A la demande du secteur Non-Titulaires du SNES Orléans-Tours, une délégation a été reçue en audience le 8 décembre par Mme Coster, Secrétaire générale adjointe, chargée de la DRH, et M. Laurent, chef de division de la DPE.

Notre délégation se composait des responsables du secteur (E.Kraemer et D. Delacour ), de Michèle Avignon, membre de la direction, et de 3 collègues contractuels en espagnol, anglais et technologie.

Les 4 points développés ci-dessous ont donné lieu à des réponses oscillant entre l’esquive et l’aveu d’impuissance. Certaines demandes ont abouti à une absence de réponse ou à un refus.

1/ Situation du réemploi des contractuels

a/ Le chômage massif serait, selon Mme Coster, le résultat d’un « trop plein » de titulaires ; réponse qui relève d’un certain cynisme, dans le contexte de suppressions de postes que nous connaissons depuis deux ans. Comme si les Non-Titulaires, aussi appelés « variable d’ajustement », étaient les victimes d’une école qui marche trop bien...

b/ Le recours quasi systématique aux vacations est justifié, selon M. Laurent, par des moyens budgétaires limités à une enveloppe d’heures supplémentaires ( or les contractuels sont employés sur des heures postes ). Déjà l’an dernier, 20000 heures de vacations ont été distribuées, et ce chiffre risque d’exploser cette année.
Les remplacements de moyenne et courte durée se multipliant, nous avons demandé si des contracatuels, déclassés en vacataires, se verraient proposer un contrat lorsqu’ils font 18 heures par semaine : gêne de M. Laurent pour signifier qu’il y avait peu à espérer...

c/ A la question des perspectives envisagées par le Rectorat, compte tenu du vote de janvier prochain à l’Assemblée sur le « CDD/CDI », les deux responsables ont, étonnamment, paru ne pas être au courant.
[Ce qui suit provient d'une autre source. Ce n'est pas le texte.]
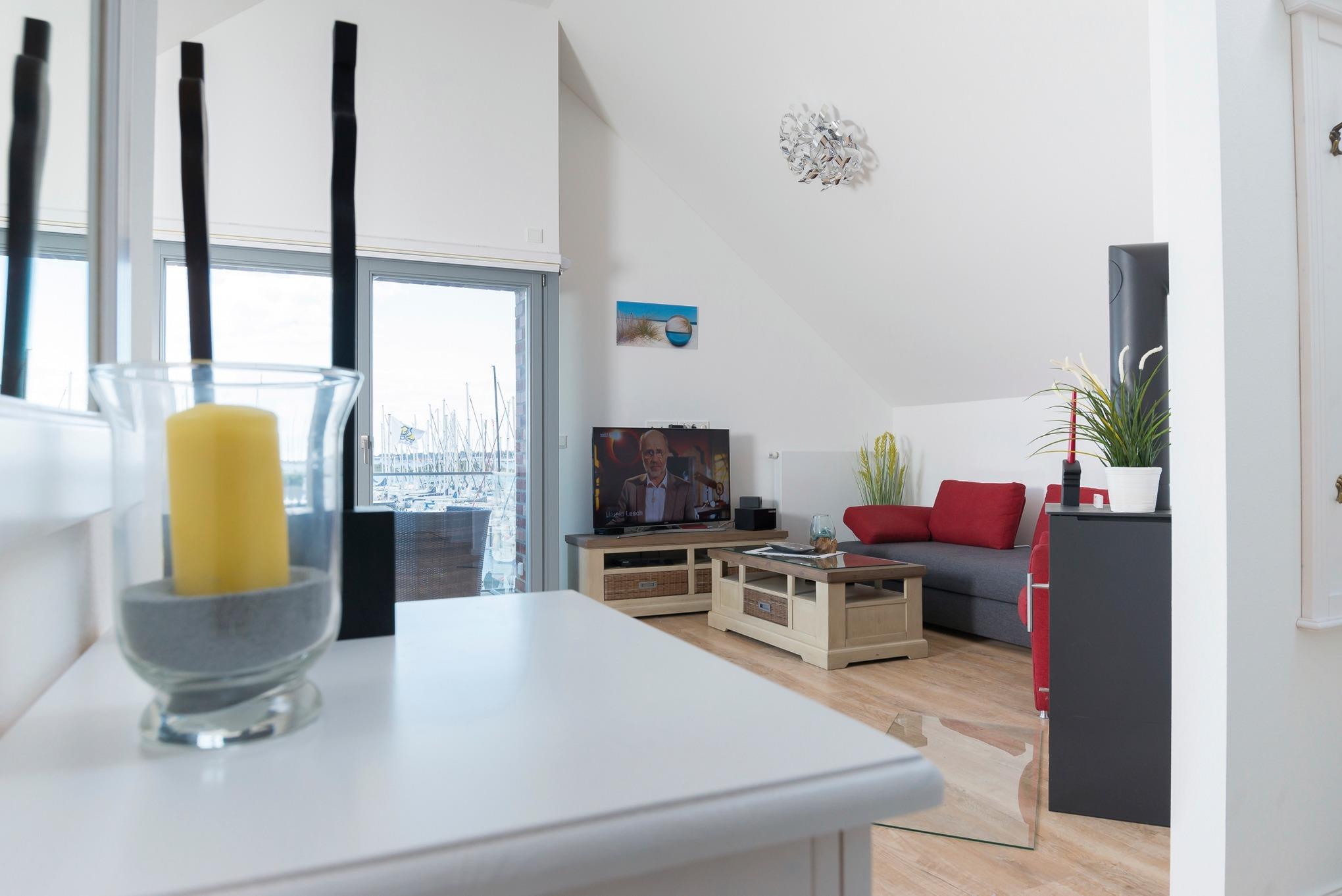 Die Wohnung liegt direkt am Yachthafen in der 2. Etage und ist mit 2 Balkone ausgestattet. Von dort hat man einen sehr schönen Weitblick auf den Binnensee und auf der anderen Seite auf den Yachthafen. Sollte das Wetter einmal schlecht sein, haben Sie die Möglichkeit in der vorhandenen Sauna oder vor dem Kamin zu entspannen. Zum weitläufigen Sandstrand sind es nur wenige Meter. Auch in die Stadtmitte und zu den Gaststätten ist es nicht weit und für die Kleinen gibt es jede Menge Aktivitäten vor Ort.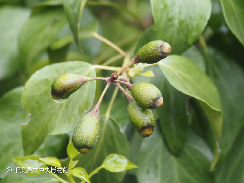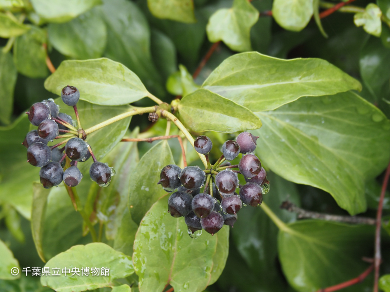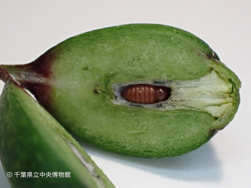 キヅタの果実が黒く熟してきました。同じキヅタのつるに色も形も違う果実がついています。緑色で俵型の果実です。これはキヅタの花のつぼみにキヅタツボミタマバエが産卵してできた虫こぶで、キヅタツボミフクレフシといいます。このハエの幼虫は虫こぶの内部を食べて成長します。虫こぶを切ってみたところ、中には蛹が1個ありました。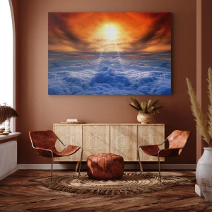 Obraz, vytlačený na prémiovom plátne, sa vyznačuje odolnosťou a vysokou kvalitou tlače. Formát 70x50 cm robí z tohto diela dokonalý dekoratívny prvok v obývačke, spálni alebo kancelárii. Vďaka realistickému vykresleniu detailov, ako je štruktúra oblakov a svetelné lúče, obraz získava hĺbku a trojrozmernosť.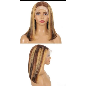 Step into effortless style with our 13×4 Lace Front Bob Wig in the stunning P4/613 color blend – a rich, dimensional mix of medium brown (P4) and platinum blonde highlights (613).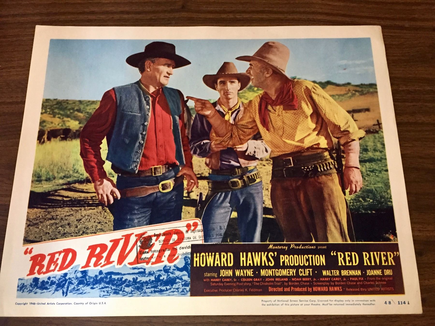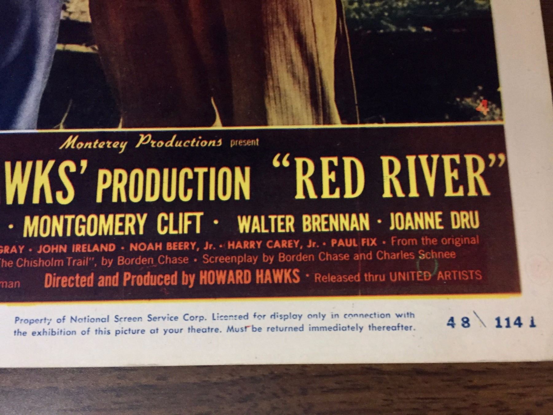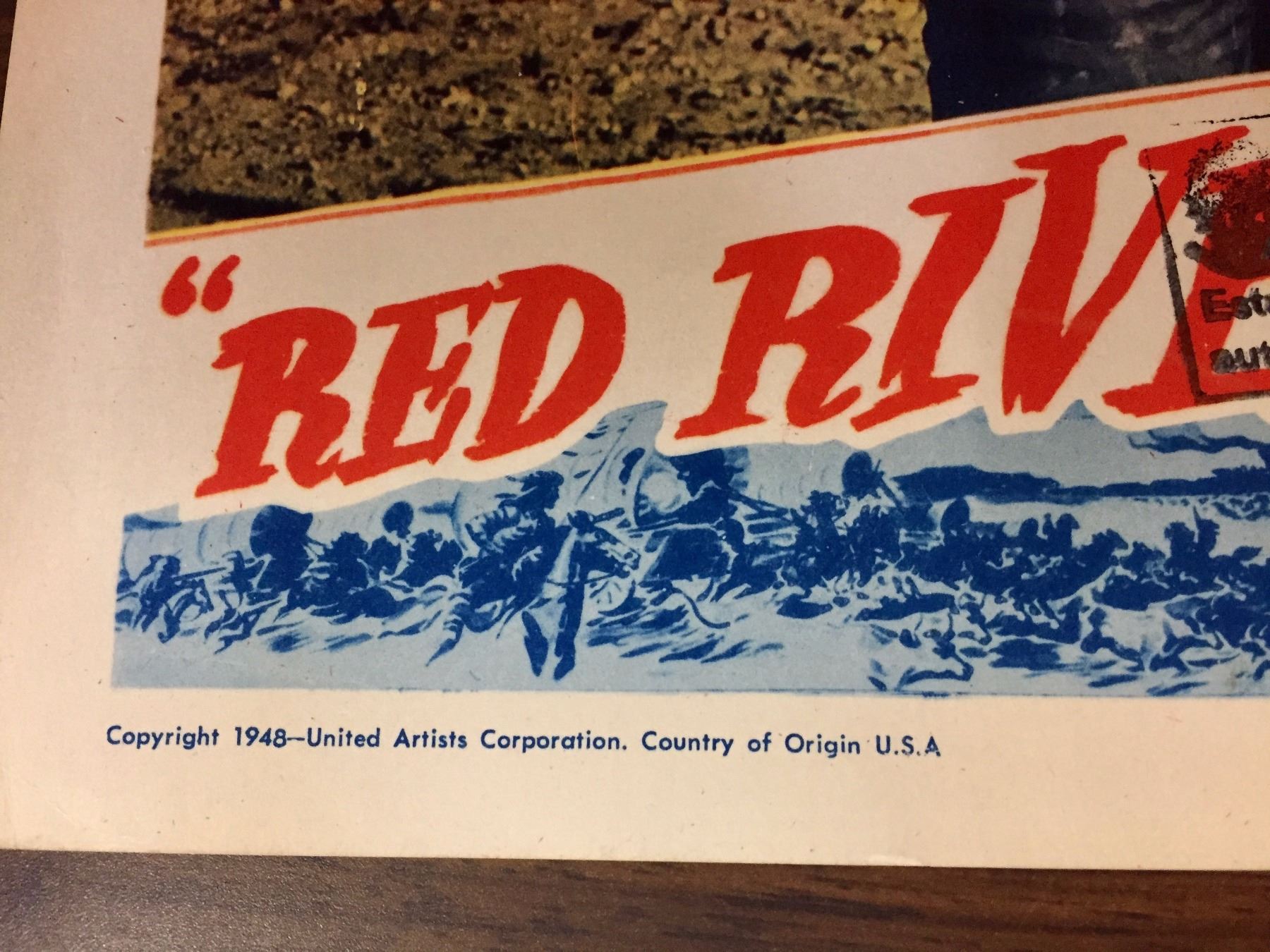 Description: An original, John Wayne, Red River Lobby Card. Maker: United Artists Corporation. Approx. Age: 1948. Size: 14”w x 11” tall. Condition: Appears to be good for its age, normal wear expected. Please look closely at the pictures - they are an important part of our description. Shipping: There will be a $7 handling / packaging fee for shipping this lot. The actual cost of postage will be added on top of that.
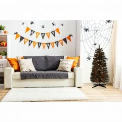 Add a little extra spook to your Halloween with this haunted 3-ft. black tinsel tree from Haunted Hill Farm. This ghostly tree will make an eerie statement in any room it’s placed in from the moment you unbox it. Black tinsel needles populate each branch and reflect light from every angle. Warm white LED lights are evenly distributed throughout the tree and provide extra light to the frightening display. Metal-hinged branches make it easy to unfold each tier and begin fluffing. These metal branches are extra-durable and designed for many years of bending and folding in and out of storage. A matching metal tree stand is included to secure the tree upright. This tree can excellently fit on your porch, in your haunted house, or yard. Our Haunted Hill Farm tinsel tree is the final nail in the coffin for your decor this Halloween!

Silence-radio, donc, sur ce point...

2/ Notre demande d’un groupe de travail sur les critères de réemploi s’est vu opposer un refus catégorique ( mais le réemploi des contractuels n’étant plus vraiment à l’ordre du jour pour l’administration rectorale...)
Nous avons réitéré notre demande d’un listing de réemploi où apparaissent aussi les non-titulaires non réemployés. M. Laurent a pris note...

3/ Concernant le traitement des dossiers d’indemnité chômage ( ARE ), Mme Coster a reconnu des dysfonctionnements dus à des problèmes de congé maladie et d’informatique ayant entraîné des retards à déplorer.
Notre demande de solutions d’urgence, pour les collègues en détresse financière, a été prise en compte. Il semble qu’en accord avec l’action sociale, un système d’avance puisse être envisagé. A suivre.. M. Thiberge ou Mme Veuzin ( de la DIFOR) peuvent être contactés.

4/ Enfin, nous avons évoqué le problème de la formation des collègues préparant les concours, problème concernant l’offre d’enseignement et les conditions d’études.

Rappel : 3 formations ouvertes à l’Université de Tours ( SVT, Lettres Modernes, CPE ) + 24 dossiers retenus pour la prise en charge de l’inscription au CNED.
A notre demande d’ouvrir cette formation à d’autres disciplines ( l’anglais, par exemple, vu le nombre de chômeurs et les besoins en perspective ), ont été opposées les contraintes budgétaires.
Par ailleurs, au nom des collègues de Lettres, nous avons dénoncé les conditions d’études imposées à Tours ( exiguïté des locaux, présence de non spécialistes ayant d’autres attentes dans cette formation). M. Laurent a pris note...

Finalement, il n’est ressorti de cette audience guère plus que ce que nous attendions, compte tenu des blocages provoqués par la politique gouvernementale depuis deux ans.
Mais il est toujours bon de rappeler à l’administration que nous ne nous résignons pas à ce scandale permanent du chômage et de la précarité au sein de notre service public d’éducation.

Deux urgences, à présent, où la mobilisation du plus grand nombre est indispensable :

Halte au scandale du recours exclusif aux vacations ! Non au projet de nouveaux précaires !

Une campagne en direction des élus et du gouvernement (lettre - pétition ) sera lancée prochainement.